=== MATERIAL FOR THIS EXERCISE ===
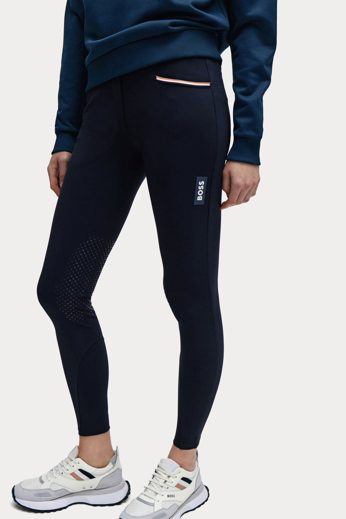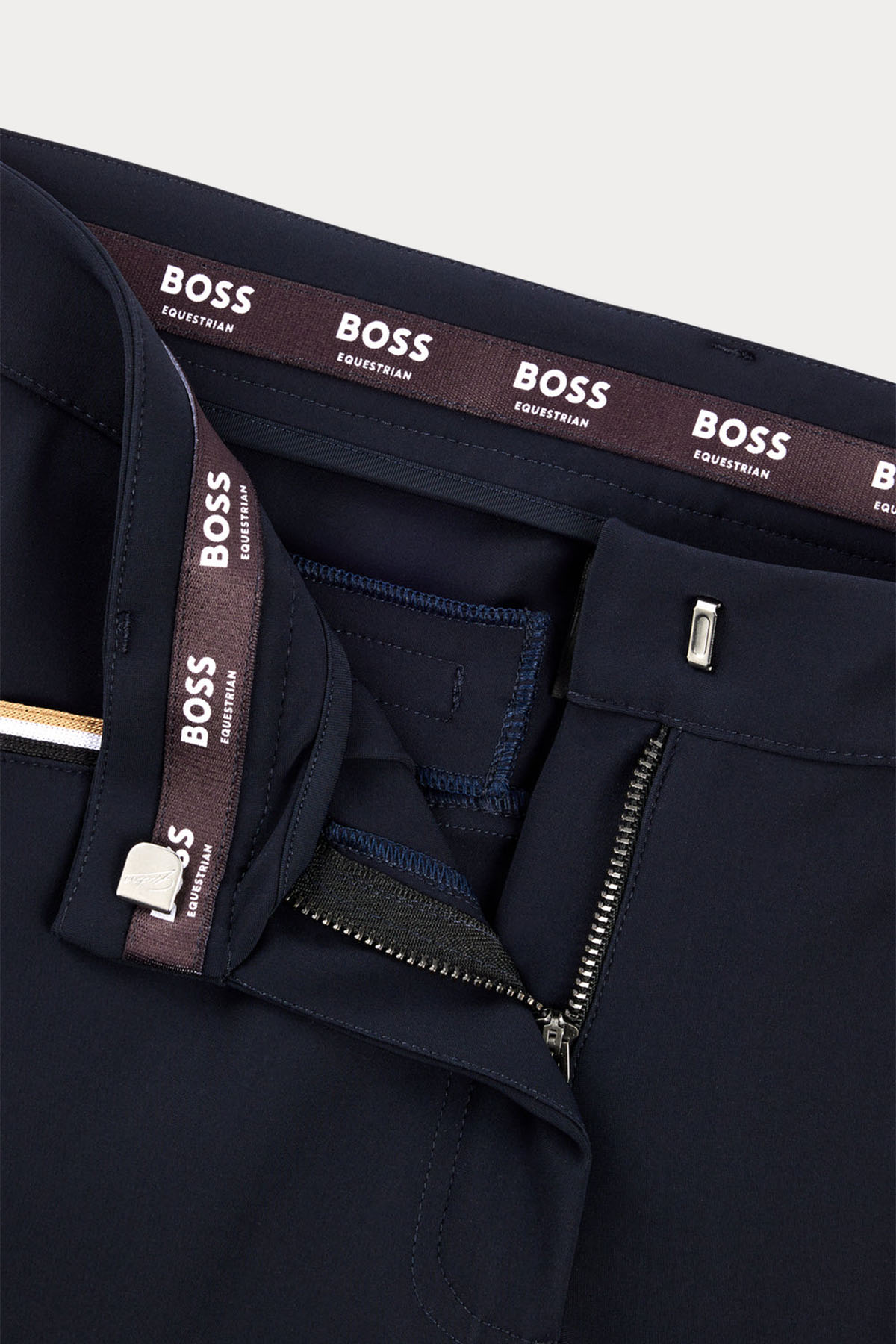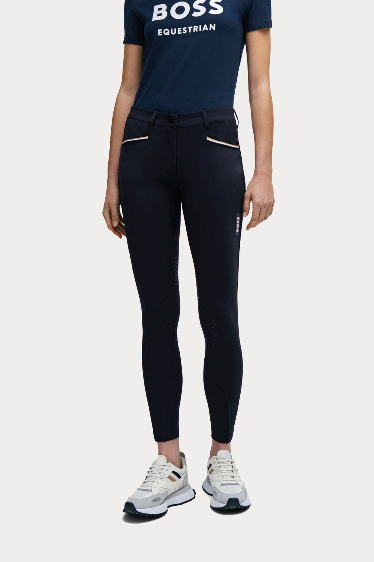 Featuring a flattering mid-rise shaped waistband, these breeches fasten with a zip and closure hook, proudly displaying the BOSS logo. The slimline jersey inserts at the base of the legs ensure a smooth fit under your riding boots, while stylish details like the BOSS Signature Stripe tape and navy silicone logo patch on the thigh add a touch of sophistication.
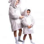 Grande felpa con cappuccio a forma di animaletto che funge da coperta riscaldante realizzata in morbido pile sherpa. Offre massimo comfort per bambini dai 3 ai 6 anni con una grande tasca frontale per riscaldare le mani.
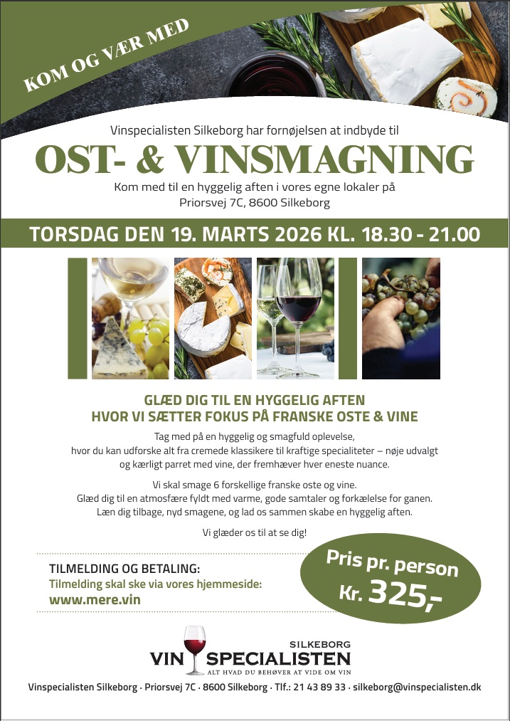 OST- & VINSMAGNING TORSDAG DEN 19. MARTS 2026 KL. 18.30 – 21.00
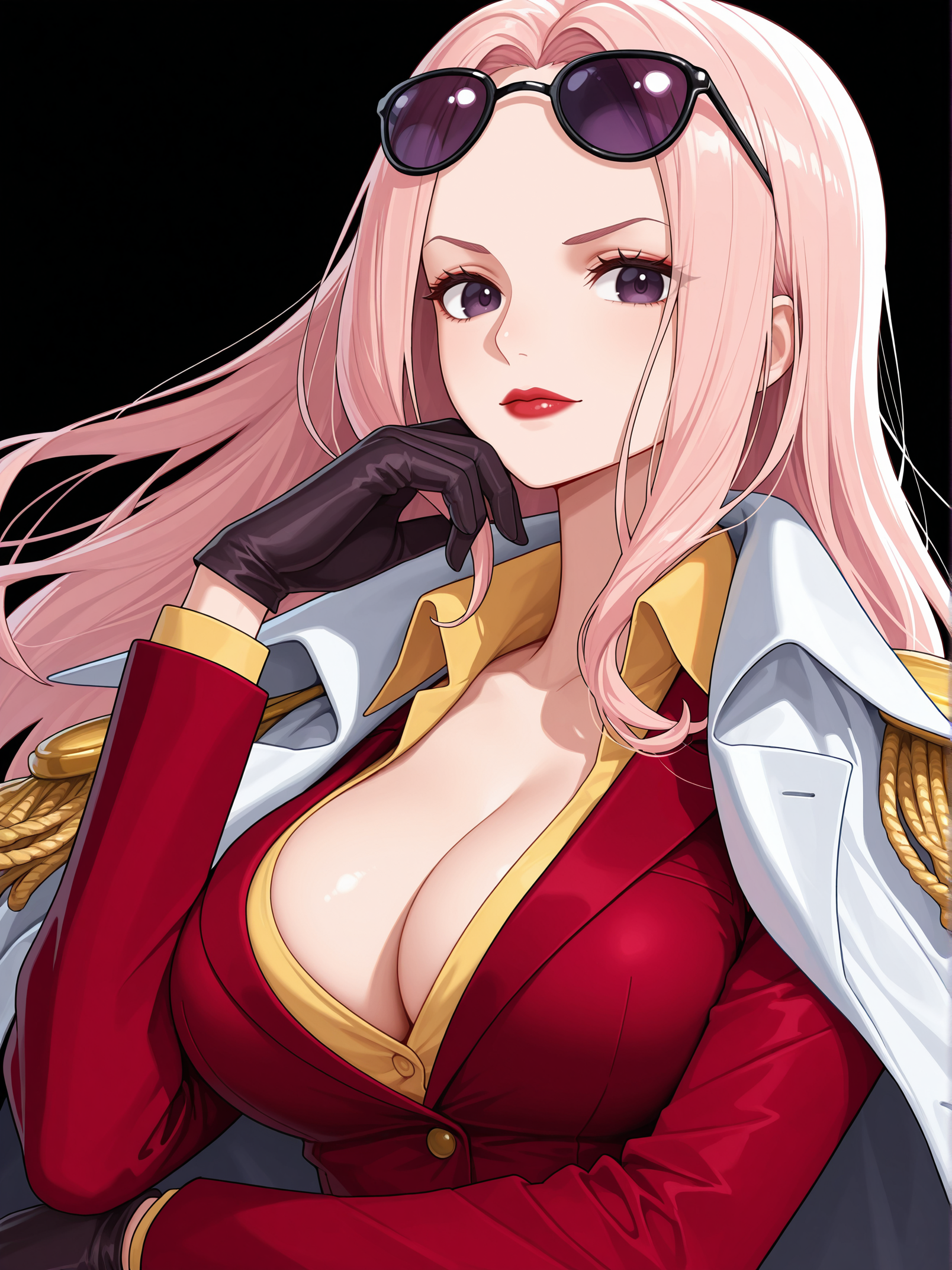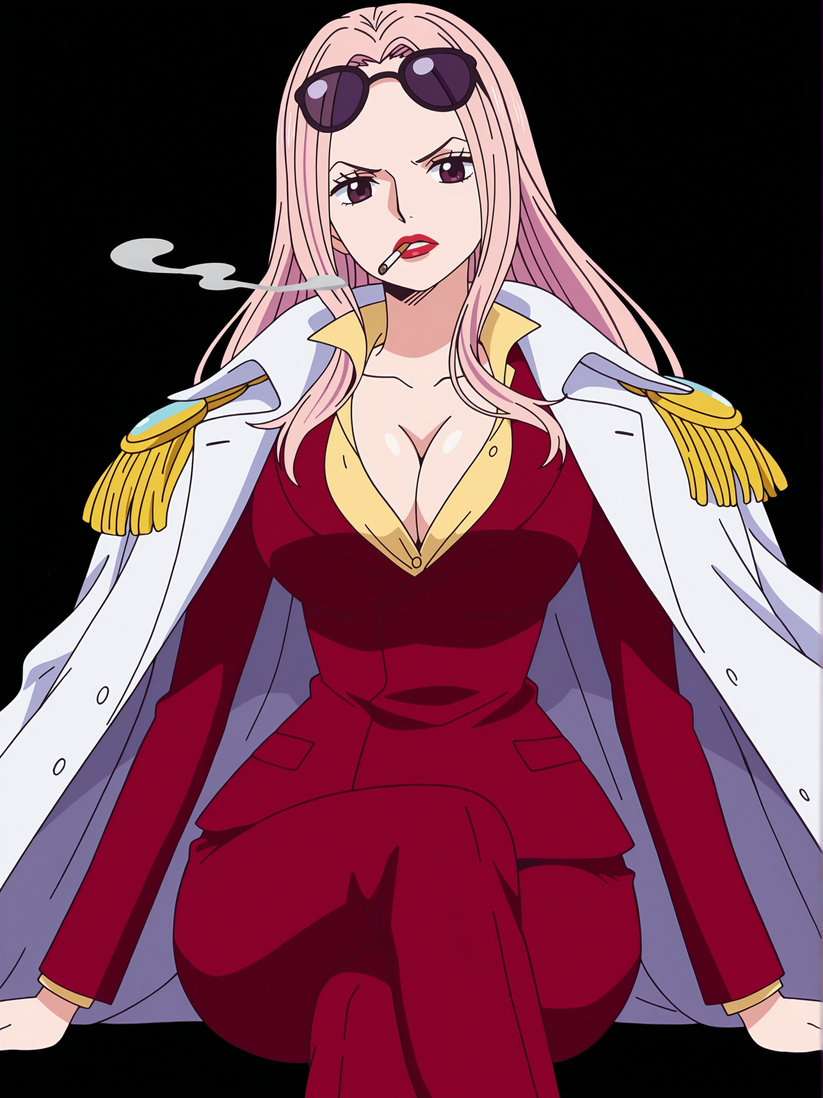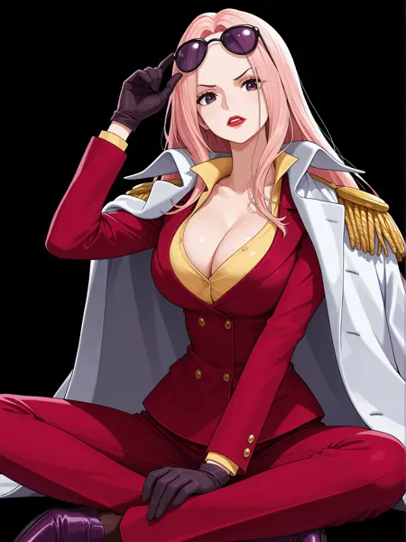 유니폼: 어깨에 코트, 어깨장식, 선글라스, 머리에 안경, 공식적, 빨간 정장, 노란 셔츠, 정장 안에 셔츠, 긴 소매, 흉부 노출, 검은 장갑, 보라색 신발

--

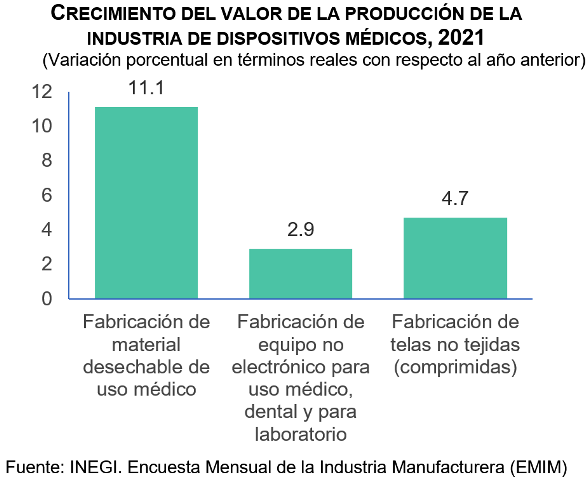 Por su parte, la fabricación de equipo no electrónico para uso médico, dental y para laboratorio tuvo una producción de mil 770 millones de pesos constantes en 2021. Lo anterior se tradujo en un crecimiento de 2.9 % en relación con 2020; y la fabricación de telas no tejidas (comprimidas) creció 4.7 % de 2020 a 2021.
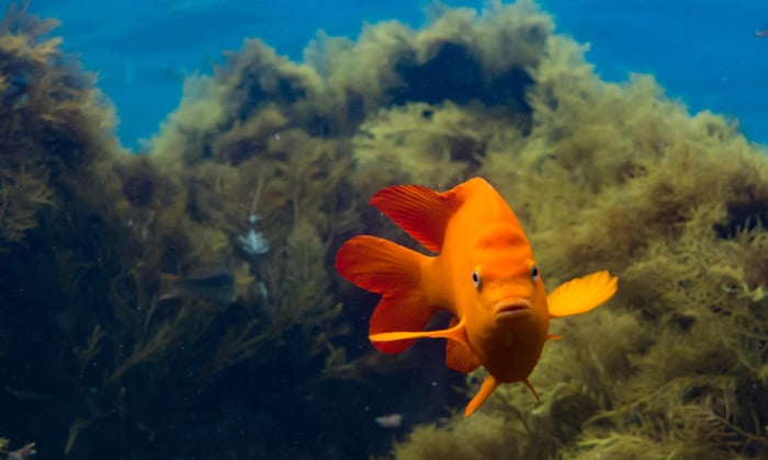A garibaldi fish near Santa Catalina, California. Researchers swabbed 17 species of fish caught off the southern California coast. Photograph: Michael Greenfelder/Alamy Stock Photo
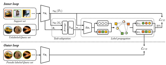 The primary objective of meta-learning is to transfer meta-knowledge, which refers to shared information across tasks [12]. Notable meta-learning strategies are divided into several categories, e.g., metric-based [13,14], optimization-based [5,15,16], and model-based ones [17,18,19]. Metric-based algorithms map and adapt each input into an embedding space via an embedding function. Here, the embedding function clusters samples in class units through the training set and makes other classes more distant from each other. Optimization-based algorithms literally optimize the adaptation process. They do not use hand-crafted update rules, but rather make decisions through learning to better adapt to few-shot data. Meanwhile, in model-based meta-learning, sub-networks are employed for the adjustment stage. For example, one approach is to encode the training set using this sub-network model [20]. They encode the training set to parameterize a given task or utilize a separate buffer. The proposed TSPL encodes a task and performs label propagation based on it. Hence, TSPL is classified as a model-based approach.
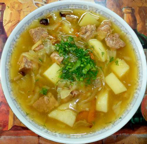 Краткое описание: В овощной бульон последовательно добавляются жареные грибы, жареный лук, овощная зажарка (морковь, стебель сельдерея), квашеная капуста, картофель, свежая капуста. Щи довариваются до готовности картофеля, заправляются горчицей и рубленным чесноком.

=== YOUR INSTRUCTIONS ===
Working from the entries above, please transcribe only the lines from the line with "A garibaldi fish" through the line with "Краткое описание: В", exactly, with both end lines and without pictures.

=== SOLUTION FOR THIS PROBLEM ===
A garibaldi fish near Santa Catalina, California. Researchers swabbed 17 species of fish caught off the southern California coast. Photograph: Michael Greenfelder/Alamy Stock Photo
 The primary objective of meta-learning is to transfer meta-knowledge, which refers to shared information across tasks [12]. Notable meta-learning strategies are divided into several categories, e.g., metric-based [13,14], optimization-based [5,15,16], and model-based ones [17,18,19]. Metric-based algorithms map and adapt each input into an embedding space via an embedding function. Here, the embedding function clusters samples in class units through the training set and makes other classes more distant from each other. Optimization-based algorithms literally optimize the adaptation process. They do not use hand-crafted update rules, but rather make decisions through learning to better adapt to few-shot data. Meanwhile, in model-based meta-learning, sub-networks are employed for the adjustment stage. For example, one approach is to encode the training set using this sub-network model [20]. They encode the training set to parameterize a given task or utilize a separate buffer. The proposed TSPL encodes a task and performs label propagation based on it. Hence, TSPL is classified as a model-based approach.
 Краткое описание: В овощной бульон последовательно добавляются жареные грибы, жареный лук, овощная зажарка (морковь, стебель сельдерея), квашеная капуста, картофель, свежая капуста. Щи довариваются до готовности картофеля, заправляются горчицей и рубленным чесноком.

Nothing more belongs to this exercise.